Sie können ja gerne noch mal reden.

(Dr. Hikmat Al-Sabty, DIE LINKE: Herr Minister, Sie haben wenig Ahnung.)

Sie können ja gerne noch mal reden, ich mache jetzt nur die Ausführung.

(Zuruf von Dr. Hikmat Al-Sabty, DIE LINKE)

Wissen Sie, ich bin als Innenminister zuständig für Recht und Gesetz in Mecklenburg-Vorpommern und das habe ich umzusetzen. Da können Sie nicht mit irgendwelchen nicht gesetzlichen Regelungen ankommen. Wir als Große Koalition in Berlin bringen mit dem neuen Gesetz eine wesentliche Verbesserung auf den Weg. Ich habe Ihnen noch mal ausdrücklich ausgeführt, dass wir auch dem EU-Recht unterliegen, und im EU-Recht gibt es nach der geltenden Verordnung Rückführungsrichtlinien, die für alle gelten. Die gelten auch für Deutschland. Und wenn sie für Deutschland gelten, gelten sie auch für Mecklenburg-Vorpommern.

(Beifall vonseiten der Fraktion der CDU – Silke Gajek, BÜNDNIS 90/DIE GRÜNEN: Sie haben doch gar kein Interesse, das zu verändern.)

Da können Sie nicht kommen und sagen, hier in Mecklenburg-Vorpommern machen wir eine andere Regelung oder ich kann das nicht verstehen.

(Zuruf von Silke Gajek, BÜNDNIS 90/DIE GRÜNEN)
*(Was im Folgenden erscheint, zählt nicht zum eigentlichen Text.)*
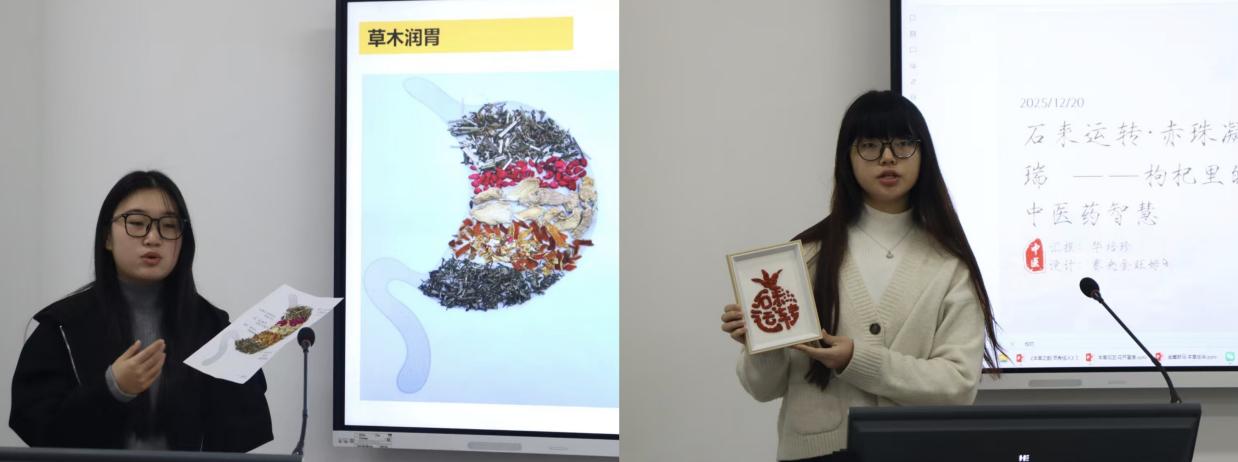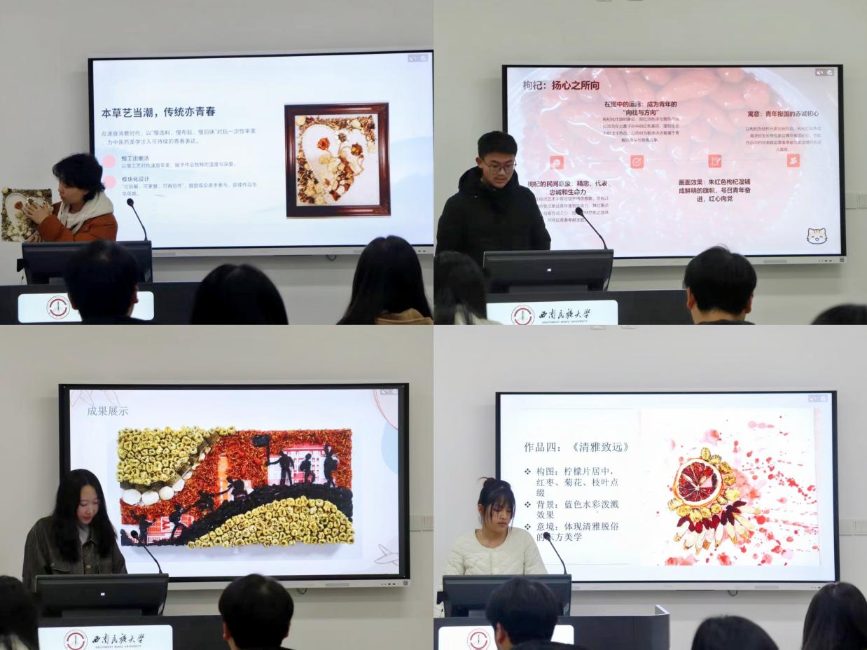 据悉,大赛以“传统药材手工艺与现代创意融合”为核心,旨在通过实践创新激活中医药文化的时代生命力。经过初赛激烈角逐,10名选手携匠心之作晋级决赛。决赛现场,选手们通过PPT展示,生动阐释作品的设计理念、制作工艺及药材的药用价值,将中医药的“天人合一”智慧与现代审美巧妙融合,展现出青年学子对中华医药文化的深刻理解与创新传承。评委老师从作品的文化内涵、工艺水准、创意表达等维度综合评审,最终评选出一等奖1名、二等奖2名、三等奖3名及优秀奖4名。

Noch mal: Wir haben hier geltendes Recht umzusetzen, das Recht in Deutschland gilt für alle und das machen wir gemeinsam. Das hat nichts – und da kann ich mich nur anschließen – mit dem zu tun, was wir gestern in der Aktuellen Stunde besprochen haben. Natürlich unterstützen wir alle, die hierher als Flüchtlinge kommen.

(Der Abgeordnete Peter Ritter bittet um das Wort für eine Anfrage.)

Natürlich unterstützen wir auch die dementsprechende Willkommenskultur, das ist vollkommen außer Frage. Aber wir haben nichtsdestotrotz auch geltendes Recht umzusetzen. Das tue ich und ich beantworte keine Anfragen. – Danke.